Une douleur sourde, une odeur de désinfectant qui donne envie d’arrêter de respirer, des pas qui résonnent dans un couloir lointain. Adrien ouvrit les yeux.

Le plafond était d’un blanc presque trop propre. Une fenêtre bordée de rideaux bleus laissait entrevoir quelques immeubles au loin, et le jeune homme se rendit compte qu’une perfusion de liquide translucide était reliée à son bras gauche.

Il n’était pas mort.

« Merde », songea-t-il en serrant les dents.

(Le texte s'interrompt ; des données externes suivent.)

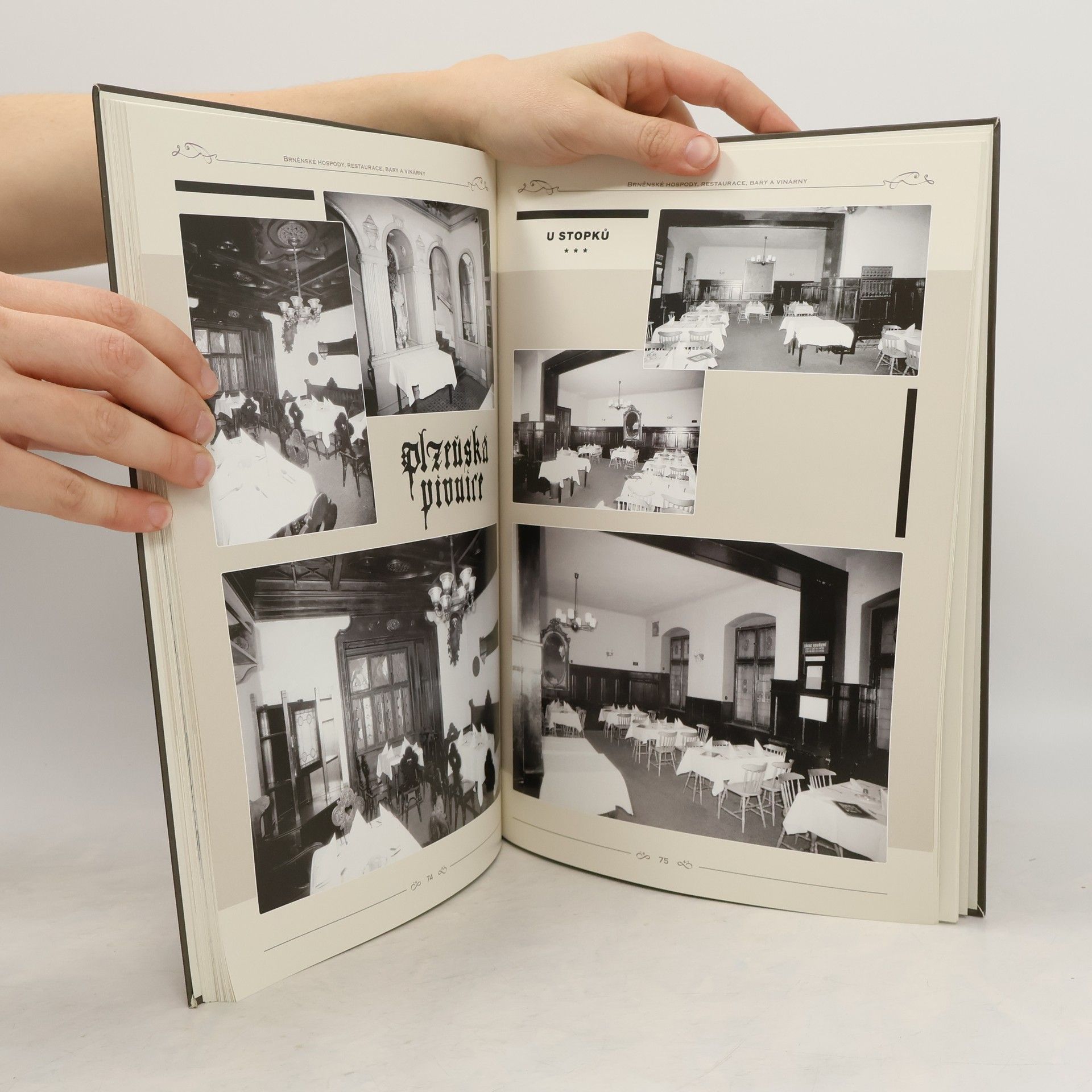 Kniha seznamuje s vývojem pohostinství v Brně, představuje dobové dokumenty související s touto živnosti jako jsou historicke účtenky, sklepní knihy, povolenky k hudbě a tanci a podobně a mapuje podniky v ulici Česká (U Polenků, Jonákova plzeňská pivnice, Stopkova plzeňská pivnice, Sputnik, Bolero, U Formana, Kavárna na České, Stopkova pivnice) a Husova (U Spurných, Velkopavlovická vinárna, Besední dům, Hansen).
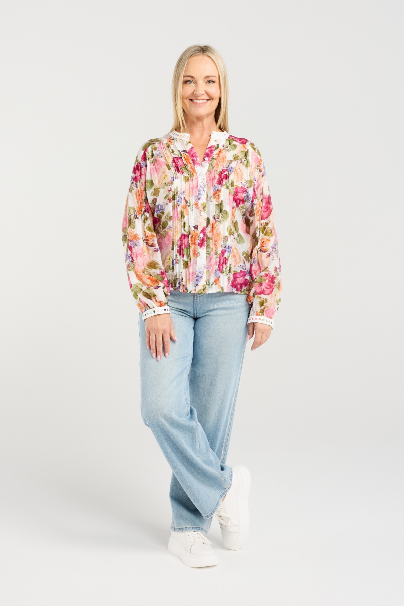 This button-down shirt features pleated details on the bodice and sleeves, complemented by delicate trim around the arm cuffs and neckline. Crafted in a soft, beautiful floral fabric, it offers a feminine and elegant take on a classic silhouette.
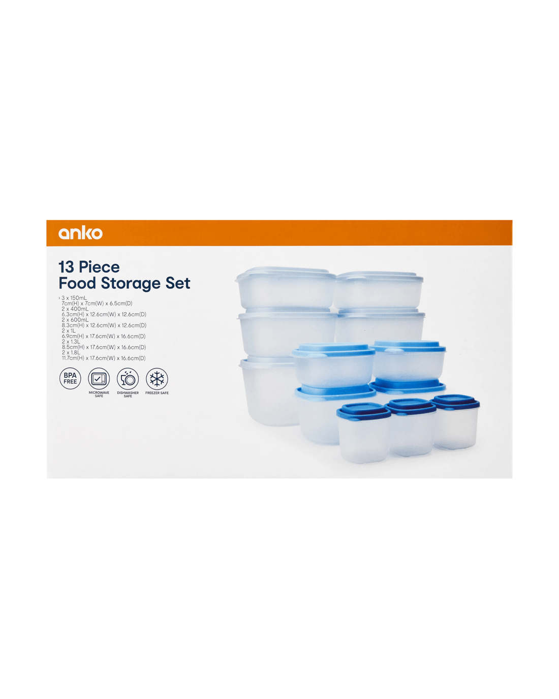 - Includes 3 x 150ml containers, 2 x 400ml containers, 2 x 600ml containers, 2 x 1 litre containers, 2 x 1.3 litres containers and 2 x 1.8 litres containers
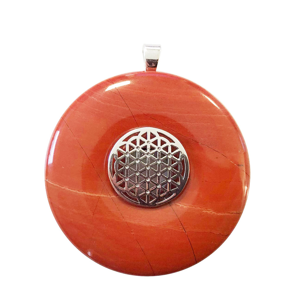 Pouvoirs du pendentif Jaspe rouge en forme de pi chinois ou donut sur le plan physique en lithothérapie
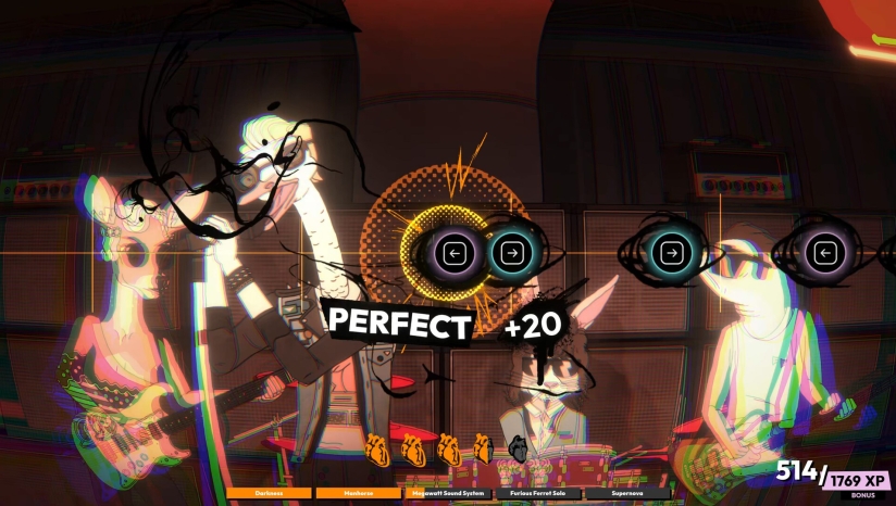 《歌兽经理》拥有鲜明的视觉风格,完美呈现了90年代的摇滚美学。游戏界面设计充满音乐元素,让玩家沉浸于摇滚氛围中。角色设计独特,拟人化的动物角色增添了游戏的黑色幽默感。游戏中的演唱会场景尤为精彩,玩家可以亲自策划专属演唱会,包括曲目配置、舞台灯光、烟雾机和镜球灯等效果,打造独一无二的演出体验。全程语音演出的黑色喜剧风格,加上优质的原创音乐,使《歌兽经理》成为一部集视觉与听觉享受于一身的摇滚狂想曲。
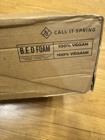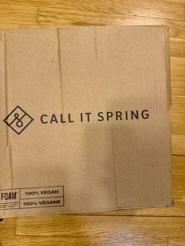 Brend qutusu mövcuddur: “CALL IT SPRING”, “100% VEGAN”, “B.E.D Foam – breathable, durable, eco-friendly” işarələmələri ilə.
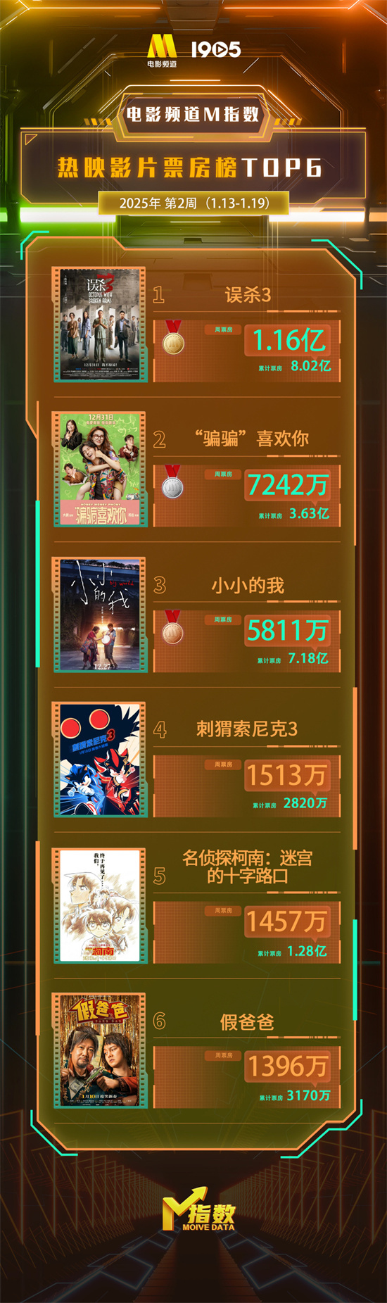 “电影频道M指数”2025年第2周结果发布。1月13日-1月19日,“电影频道M指数”热映影片票房榜前6位依次为:
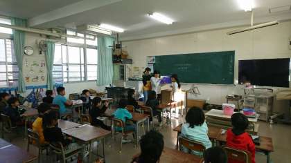 朝の時間に、各学級へ絵本の読み聞かせに出かけています。
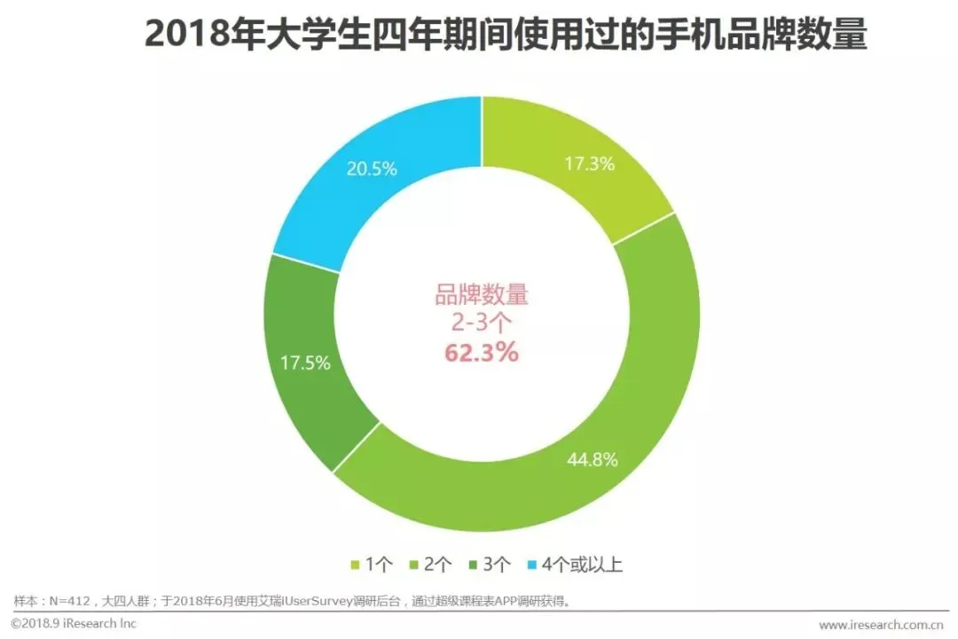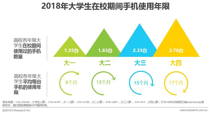 对大学生在大学就读期间更换的手机数量进行调研,大一学生平均使用的手机数量为1.35台,平均每台手机使用年限为9个月,大四学生平均使用过的手机数量为2.75台,平均每台手机的使用年限为17个月。除了大一学生,其他年级的学生单个手机使用时间均超过一年,可以推断大一新生更换到新环境后,有一波更换手机的需求。

Un cliquetis annonça au jeune homme que quelqu’un était sur le point d’entrer. La porte s’ouvrit doucement, laissant passer un chariot métallique sur lequel trônait une dizaine de produits qu’Adrien jugea douteux. Une blouse blanche surmontée d’une tête qui lui sembla floue fit son entrée.

— Vous êtes réveillé, constata l’infirmière.

— Vous aussi.

La petite femme ne répondit pas et se contenta d’esquisser un sourire artificiel.

— Vous ne voulez pas savoir ? reprit-elle en changeant la poche de perfusion.

— Quoi ?

— Eh bien, depuis combien de temps vous êtes ici, ou qui vous a rendu visite.

— Je m’en fiche. Personne ne vient jamais.

— Un jeune homme est venu hier.

— Alexis, murmura Adrien.

— On ne l’a pas laissé entrer, vous étiez en phase de décontamination.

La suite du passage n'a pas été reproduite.